I generally like West. As The Boy and I say when we see one of his movies, “He’s trying to do something.” He’s not, in other words, doing a paint-by-the-number, let’s have a jump scare at the 12:00, 15:00 and 23:00 minute mark thing that characterizes the Blumhouse era of horror movies.
And I’m not knocking Blumhouse: I’ve enjoyed many (most?) of his movies and I really enjoy the novel concept of paying your actors rather than trying to screw them with dishonest accounting practices.
But horror—all art, really, but horror especially—needs a constant infusion of daring ideas, risky approaches, things that are unsettling, unnerving, even disgusting, or it quickly starts to feel empty. Which brings us to Pearl, a kinda-sorta “What would a modern horror movie look like if it’d been filmed in Technicolor and starred Judy Garland.”
My thoughts went to Judy Garland and Meet Me In St. Louis. Imagine my embarrassment when the obvious Wizard of Oz parallel was pointed out.
Pearl is a girl who wants to be in show biz.

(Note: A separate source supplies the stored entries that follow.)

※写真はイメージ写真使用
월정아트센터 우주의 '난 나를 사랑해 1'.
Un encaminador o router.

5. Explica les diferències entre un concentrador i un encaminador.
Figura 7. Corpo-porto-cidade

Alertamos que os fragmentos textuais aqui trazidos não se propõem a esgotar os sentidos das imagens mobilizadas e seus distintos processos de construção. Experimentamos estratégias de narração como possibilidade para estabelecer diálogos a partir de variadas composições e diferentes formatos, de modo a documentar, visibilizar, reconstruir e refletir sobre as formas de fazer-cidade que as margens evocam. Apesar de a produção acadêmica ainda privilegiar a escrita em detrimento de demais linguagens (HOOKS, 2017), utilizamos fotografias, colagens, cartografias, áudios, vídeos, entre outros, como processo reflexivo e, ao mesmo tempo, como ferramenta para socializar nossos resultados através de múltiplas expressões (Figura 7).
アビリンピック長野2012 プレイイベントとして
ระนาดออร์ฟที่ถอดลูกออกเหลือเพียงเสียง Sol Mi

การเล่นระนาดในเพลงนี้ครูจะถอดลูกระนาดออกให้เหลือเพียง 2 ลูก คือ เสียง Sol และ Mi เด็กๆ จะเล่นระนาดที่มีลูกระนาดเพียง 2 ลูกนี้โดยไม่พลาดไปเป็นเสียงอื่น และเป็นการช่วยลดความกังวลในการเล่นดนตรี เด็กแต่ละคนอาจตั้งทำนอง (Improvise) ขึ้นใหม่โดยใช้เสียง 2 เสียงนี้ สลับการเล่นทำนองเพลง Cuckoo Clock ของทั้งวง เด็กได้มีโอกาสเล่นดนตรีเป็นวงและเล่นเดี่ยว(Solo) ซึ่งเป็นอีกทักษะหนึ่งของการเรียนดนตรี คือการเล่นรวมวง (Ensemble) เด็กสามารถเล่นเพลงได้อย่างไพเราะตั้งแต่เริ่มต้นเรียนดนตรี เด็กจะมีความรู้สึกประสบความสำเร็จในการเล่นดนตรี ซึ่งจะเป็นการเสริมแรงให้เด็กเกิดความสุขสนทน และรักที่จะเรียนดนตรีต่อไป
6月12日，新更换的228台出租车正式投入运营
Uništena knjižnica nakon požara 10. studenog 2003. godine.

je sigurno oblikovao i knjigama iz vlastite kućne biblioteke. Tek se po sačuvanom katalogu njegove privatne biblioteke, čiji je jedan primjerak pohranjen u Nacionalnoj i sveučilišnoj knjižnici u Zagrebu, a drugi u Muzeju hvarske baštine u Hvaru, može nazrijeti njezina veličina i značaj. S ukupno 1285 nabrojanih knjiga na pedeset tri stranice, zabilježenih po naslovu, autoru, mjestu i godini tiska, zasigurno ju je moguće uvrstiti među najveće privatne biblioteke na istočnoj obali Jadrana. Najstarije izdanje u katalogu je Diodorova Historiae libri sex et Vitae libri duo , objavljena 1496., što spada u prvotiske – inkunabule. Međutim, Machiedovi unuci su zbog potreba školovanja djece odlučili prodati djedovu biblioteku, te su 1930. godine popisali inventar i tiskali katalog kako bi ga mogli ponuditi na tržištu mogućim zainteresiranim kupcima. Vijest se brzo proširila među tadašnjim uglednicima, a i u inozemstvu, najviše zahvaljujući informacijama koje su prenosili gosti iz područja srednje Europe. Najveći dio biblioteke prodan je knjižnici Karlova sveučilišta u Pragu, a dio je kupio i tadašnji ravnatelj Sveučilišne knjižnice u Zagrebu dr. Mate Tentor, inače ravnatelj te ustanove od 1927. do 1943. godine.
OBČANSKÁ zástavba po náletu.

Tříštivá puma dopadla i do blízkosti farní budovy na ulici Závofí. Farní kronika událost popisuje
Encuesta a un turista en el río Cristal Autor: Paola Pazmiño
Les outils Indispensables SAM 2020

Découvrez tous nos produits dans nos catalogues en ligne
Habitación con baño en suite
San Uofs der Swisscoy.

Her father’s had a stroke and her mother is a harsh prairie type. She wants to get off the little Kansan farm (I have no idea if it’s actually Kansas) and become a showgirl or maybe be in one of the movies. She’s just a tad psychotic, however.

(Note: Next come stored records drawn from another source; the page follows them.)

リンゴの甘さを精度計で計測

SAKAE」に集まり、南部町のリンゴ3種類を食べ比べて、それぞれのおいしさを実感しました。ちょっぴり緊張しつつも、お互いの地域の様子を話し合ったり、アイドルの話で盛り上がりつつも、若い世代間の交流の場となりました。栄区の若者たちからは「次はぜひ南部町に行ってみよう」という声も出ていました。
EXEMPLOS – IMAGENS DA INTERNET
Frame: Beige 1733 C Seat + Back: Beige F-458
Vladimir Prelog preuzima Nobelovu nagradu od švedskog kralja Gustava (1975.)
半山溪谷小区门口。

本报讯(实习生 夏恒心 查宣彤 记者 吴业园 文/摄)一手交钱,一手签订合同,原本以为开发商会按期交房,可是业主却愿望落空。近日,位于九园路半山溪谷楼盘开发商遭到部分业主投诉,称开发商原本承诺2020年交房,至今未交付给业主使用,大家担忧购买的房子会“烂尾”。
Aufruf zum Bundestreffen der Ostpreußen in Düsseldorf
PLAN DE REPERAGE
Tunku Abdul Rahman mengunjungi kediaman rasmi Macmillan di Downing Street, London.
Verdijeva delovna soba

If we track the full on Oz parody, her mother is both Auntie Em and the wicked witch. Her father is both Uncle Henry and The Tin Man, unable to speak from his chair, just moving his eyes from side to side. The Wizard/snake oil salesman is a man who comes peddling movies (including those kinds of movies) a la Brinton, and who promises to take her away from all this.
The scarecrow? It’s a literal scarecrow she f—you know, some pre-production elements of the 1939 movie had a love interest between Dorothy and the Scarecrow! This movie demonstrates what a bad, bad idea this is.

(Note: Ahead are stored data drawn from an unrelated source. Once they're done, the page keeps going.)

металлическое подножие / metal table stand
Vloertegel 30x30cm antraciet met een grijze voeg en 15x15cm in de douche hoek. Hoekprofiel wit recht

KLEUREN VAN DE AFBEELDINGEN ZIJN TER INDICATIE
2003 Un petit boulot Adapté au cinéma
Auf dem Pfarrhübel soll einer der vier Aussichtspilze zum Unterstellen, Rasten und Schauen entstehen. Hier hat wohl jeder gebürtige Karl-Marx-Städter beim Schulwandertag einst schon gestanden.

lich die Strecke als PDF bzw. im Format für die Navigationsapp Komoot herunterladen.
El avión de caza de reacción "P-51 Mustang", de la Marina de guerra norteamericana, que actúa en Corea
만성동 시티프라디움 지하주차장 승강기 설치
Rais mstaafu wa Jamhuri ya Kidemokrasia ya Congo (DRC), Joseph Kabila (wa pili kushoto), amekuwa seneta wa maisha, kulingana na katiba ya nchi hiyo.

Ultimately, besides the wonderful and dare-I-say subversive premise of shooting a horror movie as though you were shooting Oklahoma, this is an actor’s picture. Mia Goth must, and does, carry the film, including a lengthy, climactic speech (which might even be expository if you’ve seen X). Honestly, it’s as much a tour-de-force and demonstrating of acting chops as Brendan Fraser’s in The Whale, and will probably go unnoticed as horror generally does.
Is it for everyone? Of course not. It’s a horror movie and it’s very unsettling in parts. Because of the circumstances and Goth’s performance, you have an inclination to sympathetic toward Pearl, but at no point does the movie suggest that she isn’t a monster at her core. You might be able to appease her for a while. As long as things go well. But the murderous intentions are just barely below the surface. They only need an excuse.
As a metaphor for actors, there may be something there, too, but who am I to say?
The Boy and I liked it and will probably get out to see the third movie in the trilogy, which takes the sole survival of the first movie and puts her ahead a few years to the early video years of porn. It’s not especially interesting as a concept, but I will like seeing how West interprets the dawn of the direct-to-video era.